Publication information
- Publisher: Nedor Comics America's Best Comics (DC)
- First appearance: Startling Comics #34 (July 1945)

In-story information
- Alter ego: Peter Ward
- Team affiliations: SMASH
- Notable aliases: Thoth
- Abilities: Super-human strength, flight, invulnerability

= Scarab (Nedor Comics) =

The Scarab is a superhero from the Golden Age of Comics. He first appeared in Startling Comics #34 (July 1945), published by Nedor Comics. The character was later revived by writer Alan Moore for America's Best Comics.

==Nedor Comics==
The Scarab was the secret identity of Egyptologist Peter Ward, who decoded a secret message in an ancient papyrus scroll. Ward was actually the reincarnation of an ancient Egyptian high priest; by rubbing his magic scarab ring Ward would instantly transform into the super-powerful Scarab. He was accompanied by Akh-Tu-Men, an intelligent black cat.

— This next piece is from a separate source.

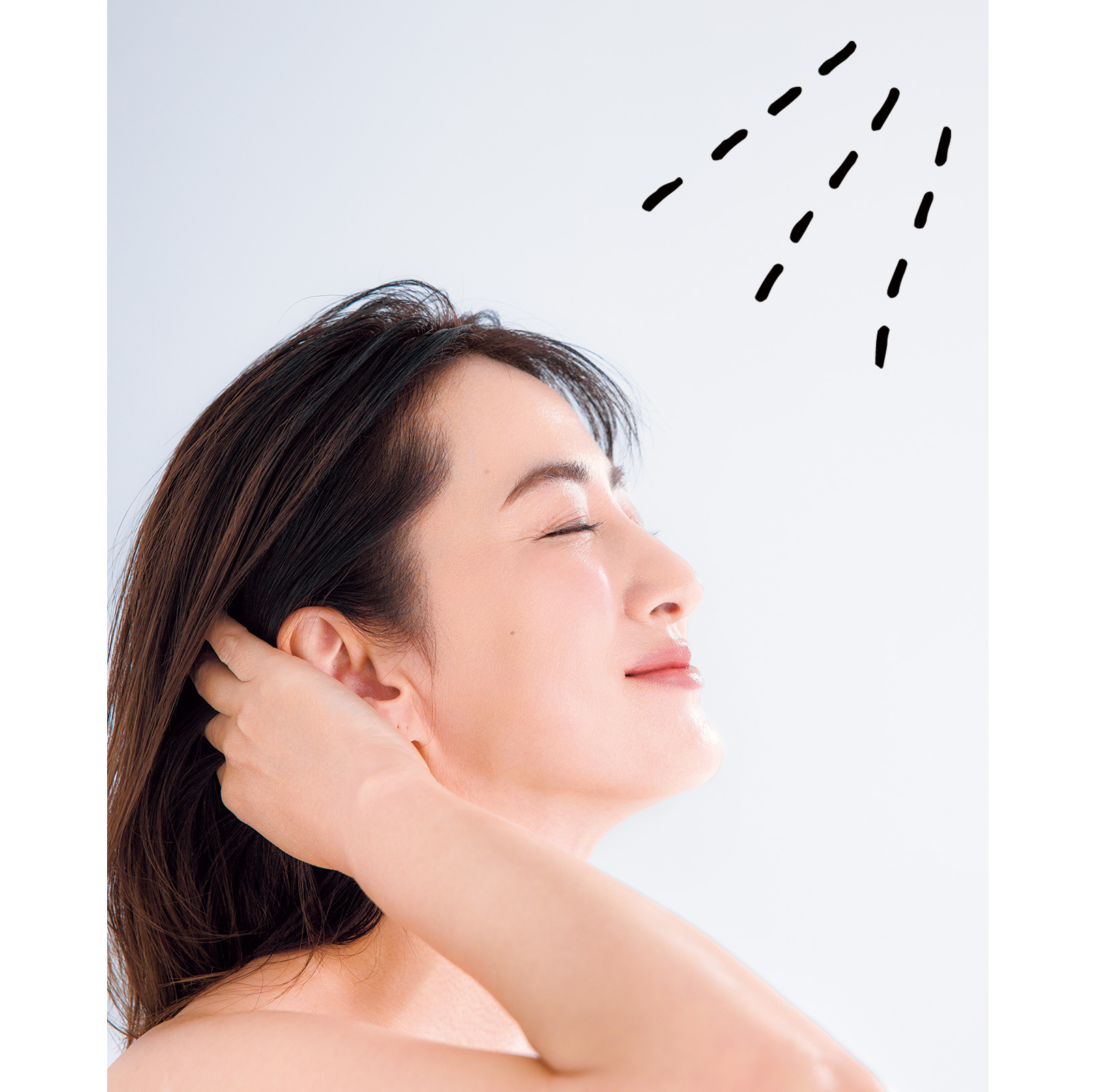 シャワーでシャンプーを流す時は下を向くのではなく、上を向いて流しましょう。日常のあらゆるシーンで上を向くチャンスを増やすことが、ストレートネックを防ぐ近道です。

The Scarab debuted in Startling Comics #34, and became a regular backup feature in Exciting Comics from issue #42-48. His last Golden Age appearance was in The Black Terror #20 (October 1947).

==America's Best Comics==
Alan Moore revived the Scarab, along with many other Nedor Comics characters, for his Tom Strong series. In Tom Strong #12 (June 2001), the Scarab was revealed to have been one of the members of SMASH that had been placed in suspended animation after an alien invasion from the Moon in 1969. Awakened 30 years later, the Scarab joined his former comrades in the fight against the alien. SMASH disbanded shortly thereafter, but reformed three years later. The Scarab is a member of the reformed group.

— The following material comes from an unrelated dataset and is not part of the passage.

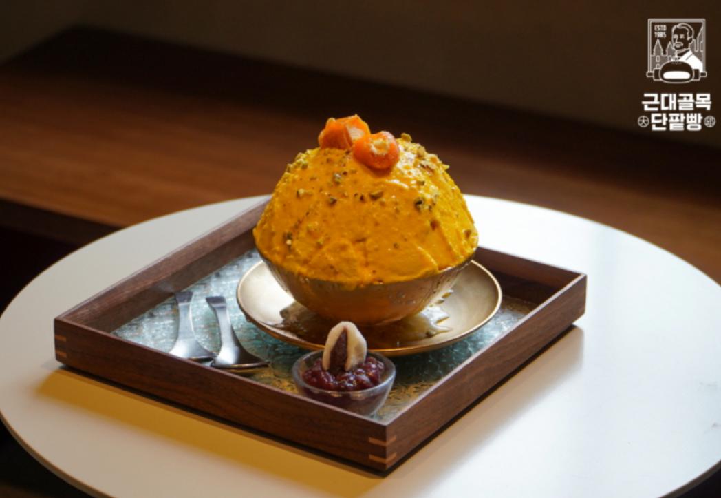 근대골목단팥빵은 신메뉴 '단호박 빙수'를 선보였다. 얼음 표면에 단호박 크림을 바르고 꿀, 피스타치오 등을 토핑으로 더했다. 빙수 속도 단호박 크림으로 채웠다. 샛노란 빙수 위에는 주황빛 곶감을 올려 식감을 살렸다.

In the Terra Obscura spin-off series, the Scarab allows himself to be bonded with the ancient Egyptian god Thoth in order to control one-time superhero Mystico (who is himself bonded with the god Seth).

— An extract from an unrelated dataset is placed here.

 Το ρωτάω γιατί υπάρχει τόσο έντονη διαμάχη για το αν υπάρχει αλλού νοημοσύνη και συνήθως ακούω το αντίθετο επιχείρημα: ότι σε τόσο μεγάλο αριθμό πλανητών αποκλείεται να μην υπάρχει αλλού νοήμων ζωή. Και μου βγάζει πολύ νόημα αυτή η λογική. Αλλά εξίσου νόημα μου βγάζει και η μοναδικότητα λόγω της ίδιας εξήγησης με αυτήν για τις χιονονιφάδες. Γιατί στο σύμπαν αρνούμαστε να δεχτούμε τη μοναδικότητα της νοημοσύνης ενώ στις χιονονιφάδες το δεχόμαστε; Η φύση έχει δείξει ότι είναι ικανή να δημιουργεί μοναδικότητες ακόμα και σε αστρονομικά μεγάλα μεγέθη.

==Dynamite Entertainment==

The 2008 miniseries Project Superpowers from Dynamite Entertainment introduced a new version of the Scarab. He is a loose interpretation of the Golden Age Scarab, with more differences from the source than other characters in the series, who are all characters who have fallen into the public domain.

===Fictional biography===
Ten years ago, Amon Khadul found a priceless stone shaped like a scarab, and he sold it for a fortune upon which he built a financial empire. Wanting to make a difference in the world, he built the Scarab armor to fight against the F-Troops who were invading the Middle East; electronic jammers in his armor prevented people from recording his existence. It was there that he met Samson, who convinced him to fight the enemy openly, and this encounter led to Scarab becoming an ally of The Superpowers. However, Amon Khadul is also a member of The Supremacy, a secret council that rules the world and considers the returned heroes a threat to their system; because he is opposed to The Supremacy's practices and lust for power, Khadul acts as a "double agent", keeping the Superpowers informed of The Supremacy's plans.

Unbeknownst to Khadul, the scarab-shaped stone he had found and sold was formerly part of a magic ring that once belonged to another hero known as the Scarab; the fact that Khadul has taken the same name and symbol is a coincidence... or perhaps fate.

===Armor===
The Scarab wears a suit of exoskeletal armor, which resembles a silver-colored humanoid scarab. The armor gives Scarab superhuman strength and speed, and its wings enable him to fly with great speed and maneuverability. The armor is also equipped with electronic jamming technology, which prevents people from electronically recording him.

==Film==
A modernized version of the Scarab (played by Mark Courneyea) appears alongside other Golden Age superheroes in the independent film Avenging Force: The Scarab, a low-budget production likely attempting to capitalize on the success of the film Marvel's The Avengers. Other featured characters include the Woman in Red, Black Terror and Doubledare.